The invention relates to a drive motor (10) for a vehicle (12), having a plurality of cylinder chambers (14, 16, 18, 20, 22, 24), a collecting duct (26) and engine brake valves (14 ', 16', 18 ', 20 ', 22', 24 '), via which the cylinder chambers (14, 16, 18, 20, 22, 24) with the collecting channel (26) are connectable. According to the invention, a dispensing valve (28) is arranged on the collecting channel (26) via which the collecting channel (26) can be connected to a delivery line (30) of a compressed air treatment plant (32). The invention further relates to a method for supplying a vehicle (12) having a drive motor (10) with compressed air.

Description

The The invention relates to a drive motor for a vehicle, having a plurality of cylinder chambers, a collecting channel and engine brake valves, over the cylinder chambers can be connected to the collecting channel.

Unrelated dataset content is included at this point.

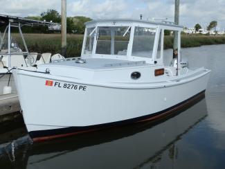 Arch Davis Jiffy V22 Skiff 2011. 8'-6 beam, meranti plywood, douglas fir framing, MAS expoxy. 90-hp, two axle trailer. Stored Olde Towne Marina, Fernandina, Florida. Asking $25,000.

The The invention further relates to a method for supplying a Drive motor having vehicle with compressed air, wherein the drive motor several cylinder chambers, a collecting duct and engine brake valves, via which the cylinder chambers with connectable to the collecting channel has.

modern Vehicles, such as commercial vehicles and passenger cars in traffic or railways in rail transport, have many compressed air consumers on, the compressed air demand usually from a compressed air supply system comprising a compressor, is satisfied. For example, to the air consuming facilities a service brake and air suspension belong. The compressed air generating compressor becomes common driven directly by the prime mover, which is also for propulsion of the vehicle is used.

adversely this is that at all a compressor is needed for generating compressed air in the vehicle, claimed the space and increases the weight of the vehicle.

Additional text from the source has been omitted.